◆ **Excerpted data**
☆ ☆ ☆ ☆

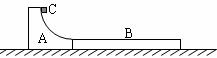 24.(19分)如图所示,一上表面光滑且半径为R=0.3m的1/4圆弧槽A与一上表面粗糙且动摩擦因数为μ=0.1的长木板B通过锁定装置连接,静止在光滑的水平地面上,圆弧槽A的底端与长木板B上表面相平,一滑块C(可视为质点)紧贴圆弧槽A顶端由静止自由下滑,当滑块C滑过圆弧槽A底端瞬间,AB之间自行解除锁定,最终滑块C停在长木板B上,已知圆弧槽A、长木板B、滑块C的质量均为m=1kg,g=10m/s2。试求:
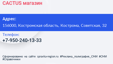 CACTUS, магазин по адресу 156000, Костромская область, Кострома, Советская, 32 в дальнейшем Организация, размещена в следующих категориях:
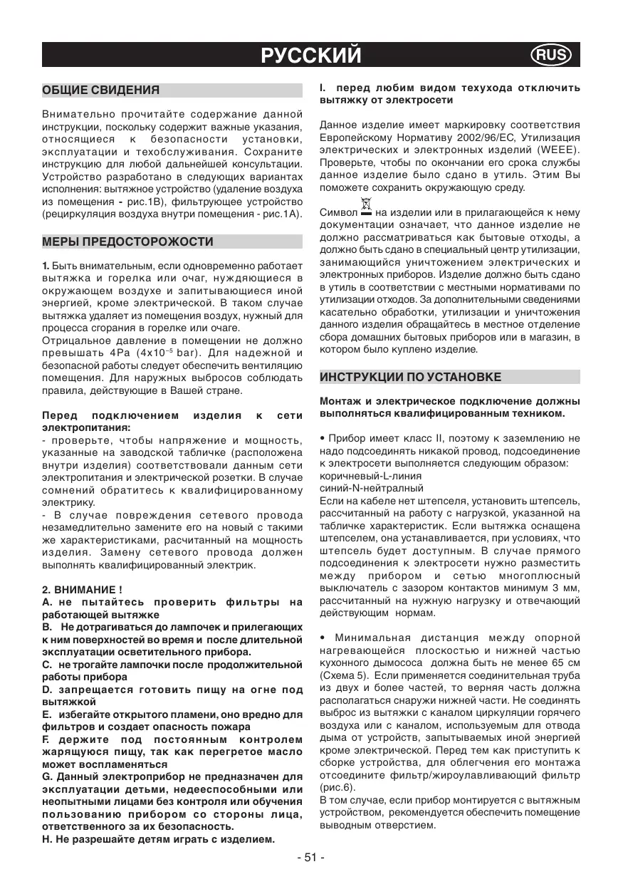 A. не пытайтесь проверить фильтры на работающей вытяжке B. Не дотрагиваться до лампочек и прилегающих к ним поверхностей во время и после длительной эксплуатации осветительного прибора. C. не трогайте лампочки после продолжительной работы прибора D. запрещается готовить пищу на огне под E. избегайте открытого пламени, оно вредно для фильтров и создает опасность пожара F. держите под постоянным контролем жарящуюся пищу, так как перегретое масло может воспламеняться G. Данный электроприбор не предназначен для эксплуатации детьми, недееспособными или неопытными лицами без контроля или обучения пользованию прибором со стороны лица, ответственного за их безопасность. H. Не разрешайте детям играть с изделием. Данное изделие имеет маркировку соответствия Европейскому Нормативу 2002/96/ЕС, Утилизация электрических и электронных изделий (WEEE). Проверьте, чтобы по окончании его срока службы данное изделие было сдано в утиль. Этим Вы поможете сохранить окружающую среду. на изделии или в прилагающейся к нему документации означает, что данное изделие не должно рассматриваться как бытовые отходы, а должно быть сдано в специальный центр утилизации, занимающийся уничтожением электрических и электронных приборов. Изделие должно быть сдано в утиль в соответствии с местными нормативами по утилизации отходов. За дополнительными сведениями касательно обработки, утилизации и уничтожения данного изделия обращайтесь в местное отделение сбора домашних бытовых приборов или в магазин, в котором было куплено изделие. ИНСТРУКЦИИ ПО УСТАНОВКЕ Монтаж и электрическое подключение должны выполняться квалифицированным техником.
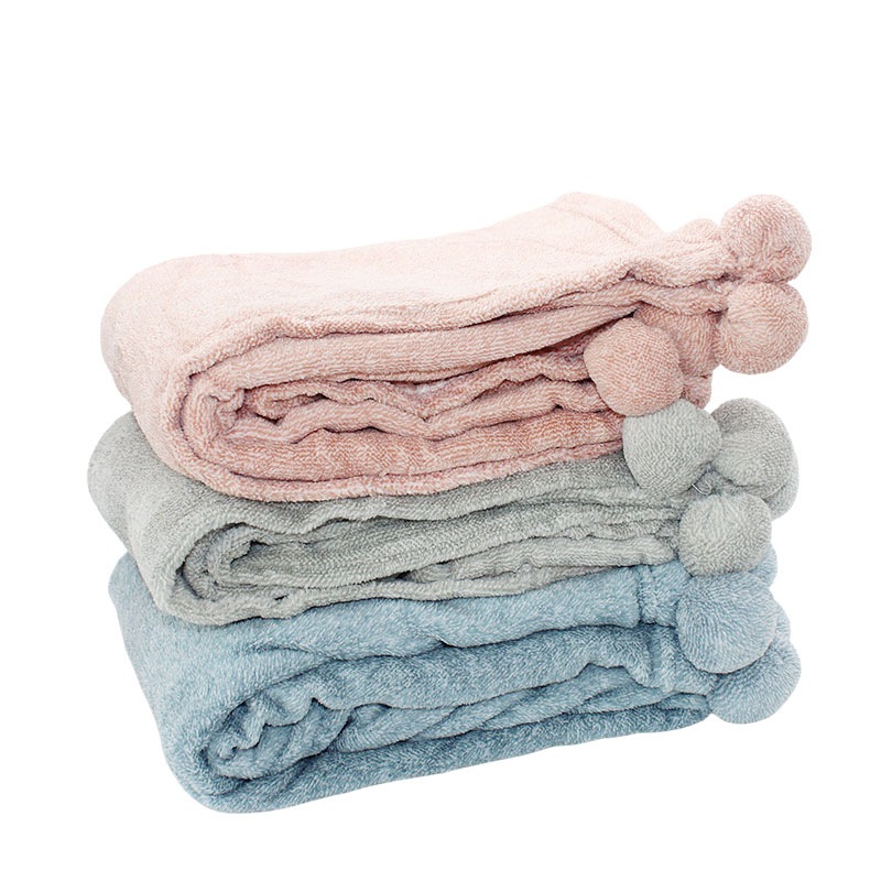 Wholesale Comfort Throw Kition Coral Fleece Blanket With Pom Poms
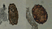 Unfertilized (left) and fertilized (right) Ascaris ova.
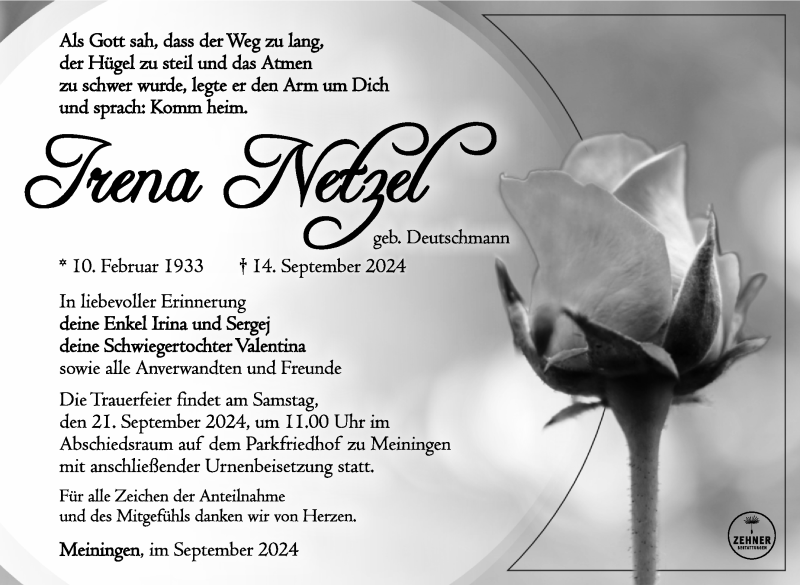 Hier finden Sie alle Traueranzeigen aus der Zeitung, die bisher für Irena Netzel erschienen sind. Weitere Traueranzeigen, die in der Zeitung erscheinen, werden hier ebenfalls aufgelistet
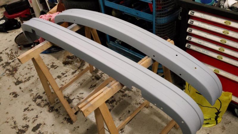 Med vår i luften ble støtfangerfestene og armene til skvettlappene pulverlakkert og montert på bilen
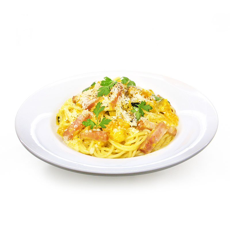 ベーコンと甘みのあるホクホク食感のかぼちゃをあわせ、チーズと胡椒を効かせて、クリーミーに仕上げました。ベーコンの塩味とかぼちゃの甘さが絶妙なバランスの逸品です。
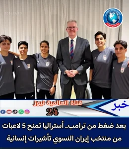 الرئيسية/الرياضة/بعد ضغط من ترامب.. أستراليا تمنح 5 لاعبات من منتخب إيران النسوي تأشيرات إنسانية الرئيسية بعد ضغط من ترامب.. أستراليا تمنح 5 لاعبات من منتخب إيران النسوي تأشيرات إنسانية admnمارس 10, 20260 31 أقل من دقيقة admnمارس 10, 20260 31 أقل من دقيقة واتساب مشاركة عبر البريد طباعة
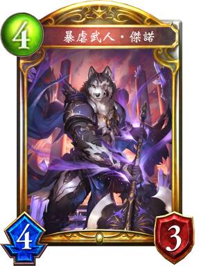 暴虐武人·杰诺拥有很高上限,有机会作为附带单解的5/3疾驰登场。除了打出上限的情况以外,杰诺还可以配合主动进化的迅捷的剑士、自由的冒险者、浪游厨人等组件,以牺牲节奏为代价快速抢血。
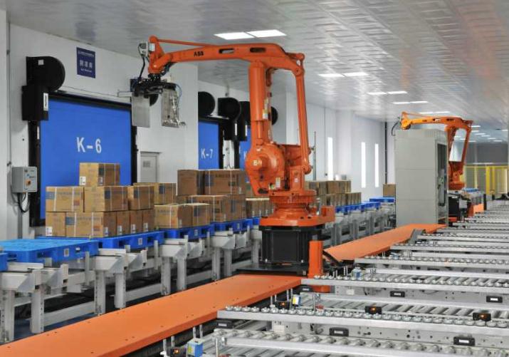华药华民公司自动化立体仓库机器人正在摆放药物。
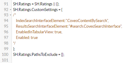 - Paste the copied settings inside section SH.Ratings.CustomSettings.
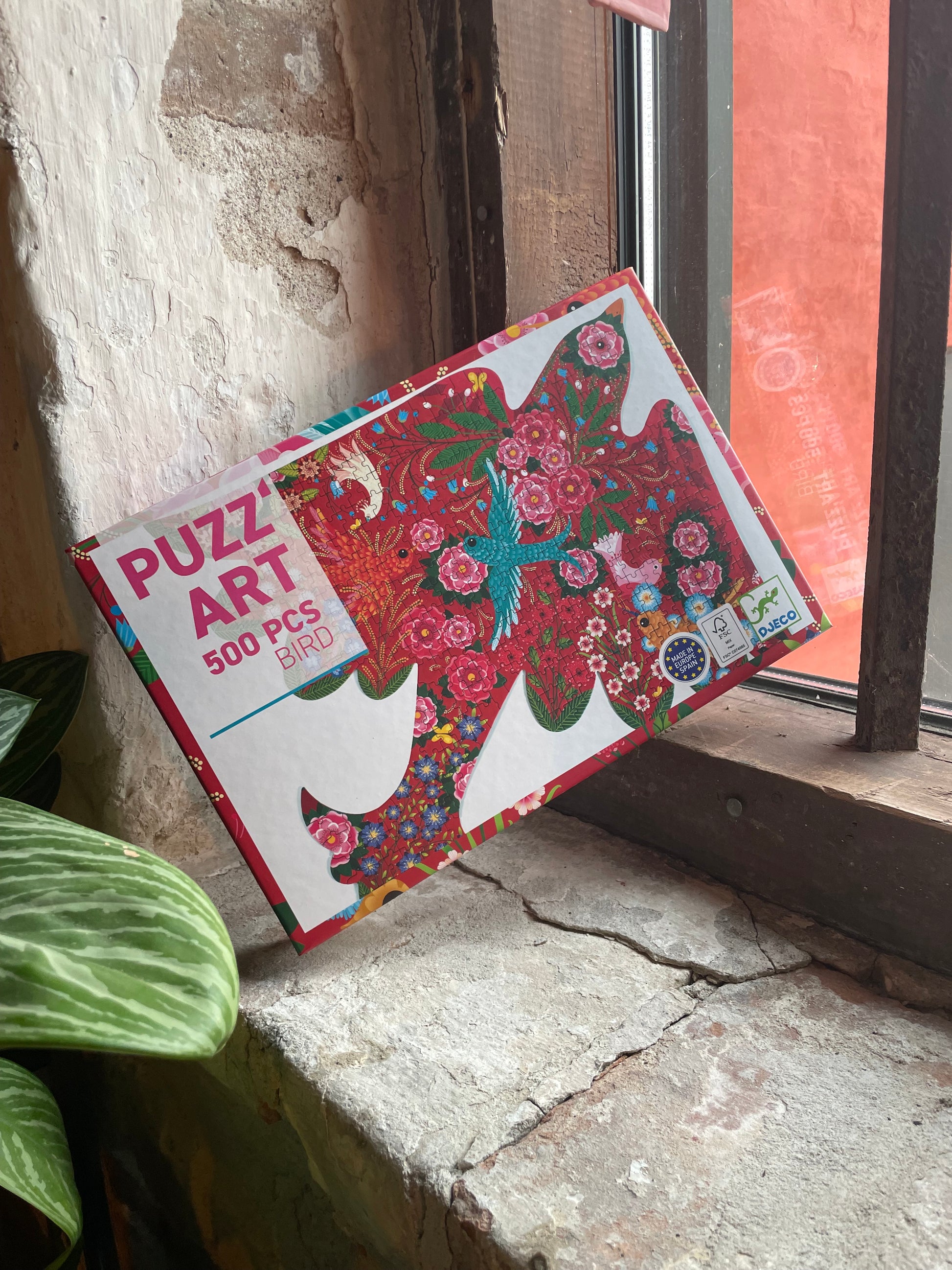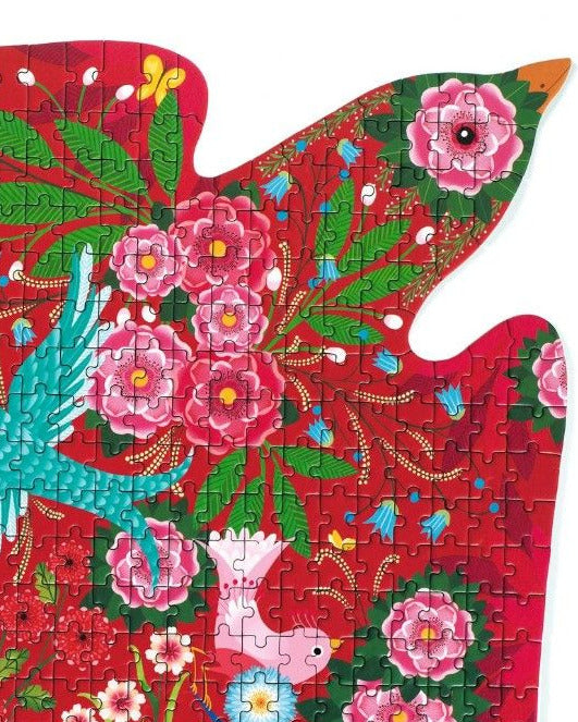 Puslespillet er udskåret som en flyvende fugl, men kig nærmere – motivet gemmer på et helt univers af små fugle, blomster og finurlige detaljer, der dukker op, efterhånden som brikkerne falder på plads.
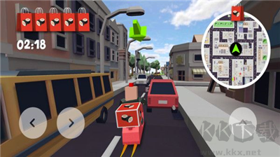 1、玩家可以駕駛小電動車穿梭于車流中,沉浸體驗送外賣的日常任務(wù)。
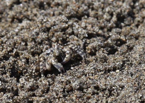 わかりますか?砂と一体化してますよ。ここですよ!ハサミを器用に動かして砂の中からエサを食べています。甲羅の大きさが1㎝位の小型のコメツキガニです。私たちが静かに歩いて近づいても、一歩、一歩の大きな振動に感じるので、しばらく、しゃがんで静かに待ちましょう。ひょこっ、ひょこっと顔を出し、巣穴から出たりひっこんだり、可愛い姿を観察できます。
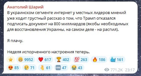Попкорн не употребляю, но пару сладких косточек заготовил, думал, буду грызть их в углу, наблюдая за тем, как угорает хозяин, глядя на эту свару вселенскую. Наблюдающий за наблюдающими, так сказать. Украинчики, миленькие! Ну вы как дети, в самом деле. Ну кто ж вам в здравом уме даст 800 лярдов? Даже просто поглядеть-понюхать? Ведь знают прекрасно, что даже просто после "поглядеть-понюхать" там уже половины не будет. 🐶 Подпишись на Шарика! Гав!
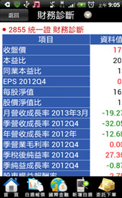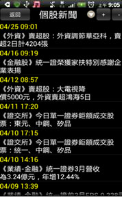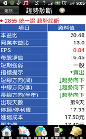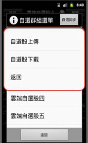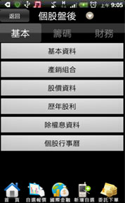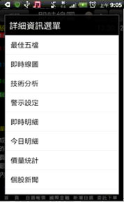 彈出個股功能選單,可選取欲觀看之個股資訊
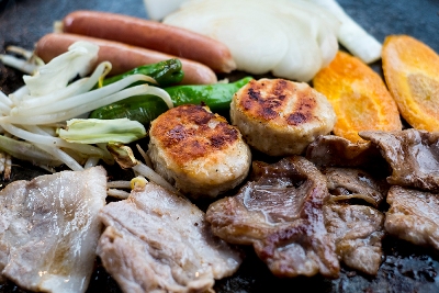 バーベキューは、牛カルビ、豚バラ、ソーセージ、鶏のつくね、タレに漬け込んだラム、そして野菜。シメにヤキソバもつく。
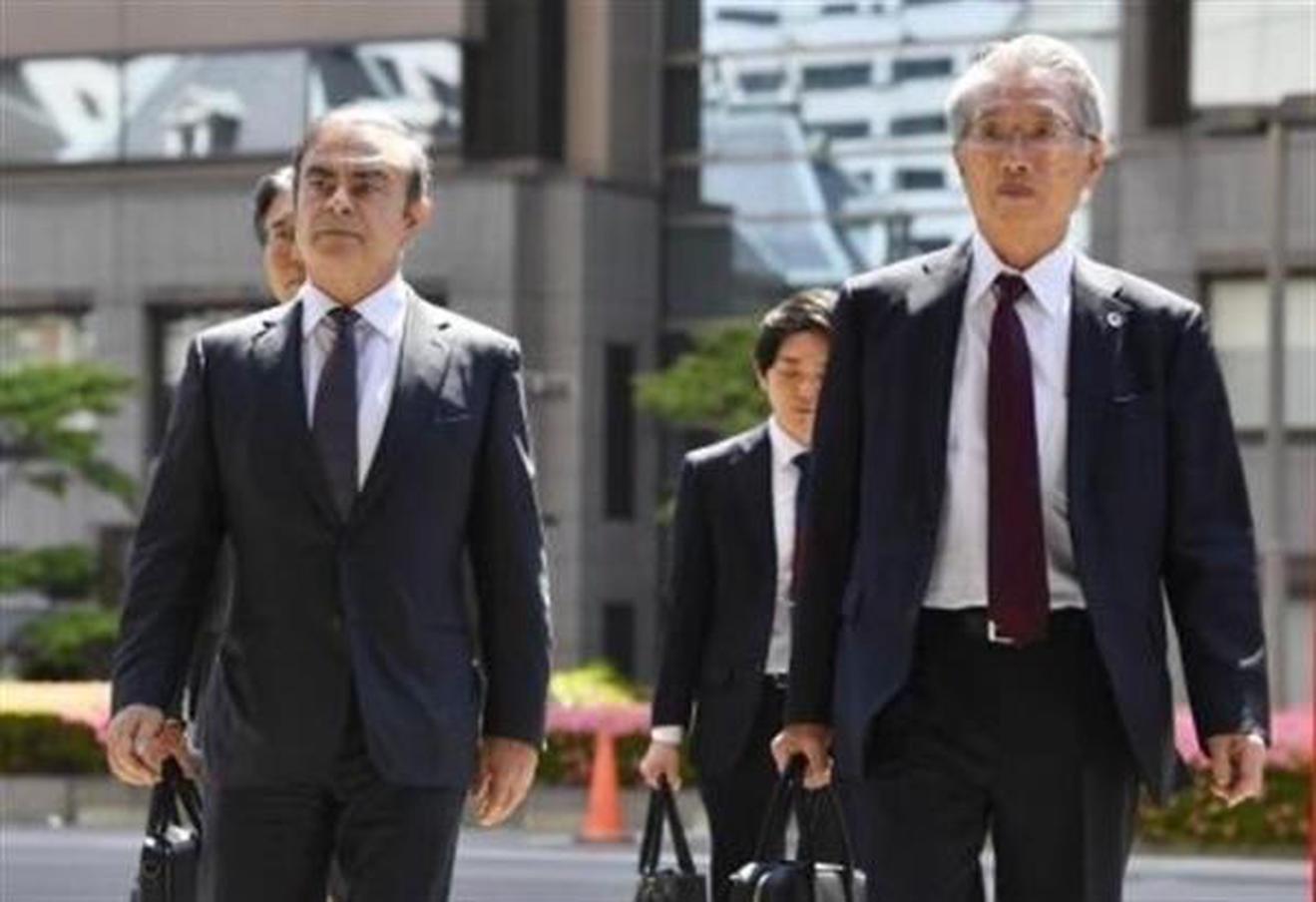 Cựu Chủ tịch Tập đoàn sản xuất ô tô Nissan của Nhật Bản Carlos Ghosn (trái, phía trước) tới Tòa án quận Tokyo ngày 23/5/2019. Ảnh: Kyodo/TTXVN
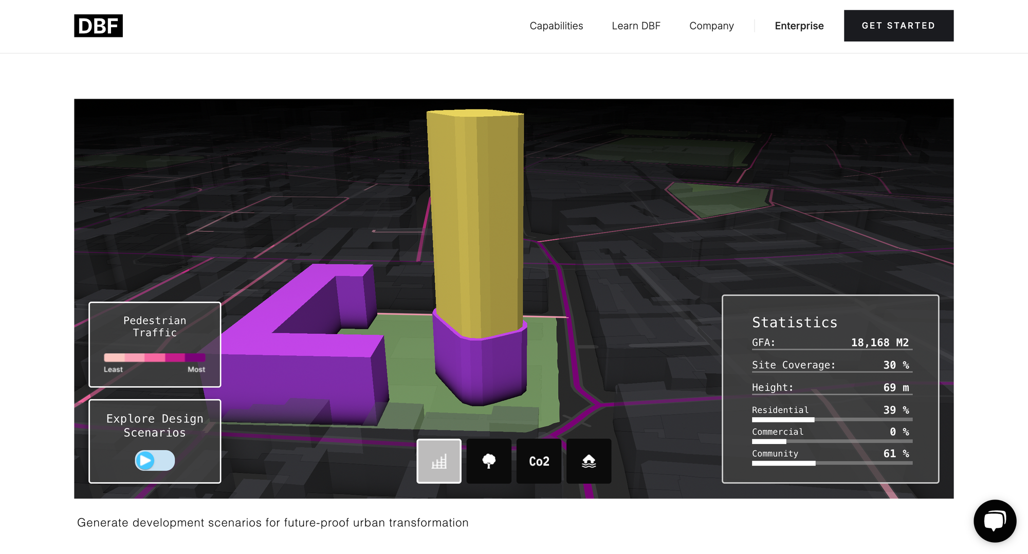 DBF Engine — це інструмент для швидкого прототипування міст, який збирає дані з відкритих джерел та створює сценарії розвитку міст, дозволяючи порівнювати різні локації.

☆ ☆ ☆ ☆

◆ **Task to complete**
Using the entries above, repeat exactly the lines from the one with "Unfertilized (left) and" to the one with "Hier finden Sie", both included, and leave the pictures behind.

◆ **Worked solution**
 Unfertilized (left) and fertilized (right) Ascaris ova.
 Hier finden Sie alle Traueranzeigen aus der Zeitung, die bisher für Irena Netzel erschienen sind. Weitere Traueranzeigen, die in der Zeitung erscheinen, werden hier ebenfalls aufgelistet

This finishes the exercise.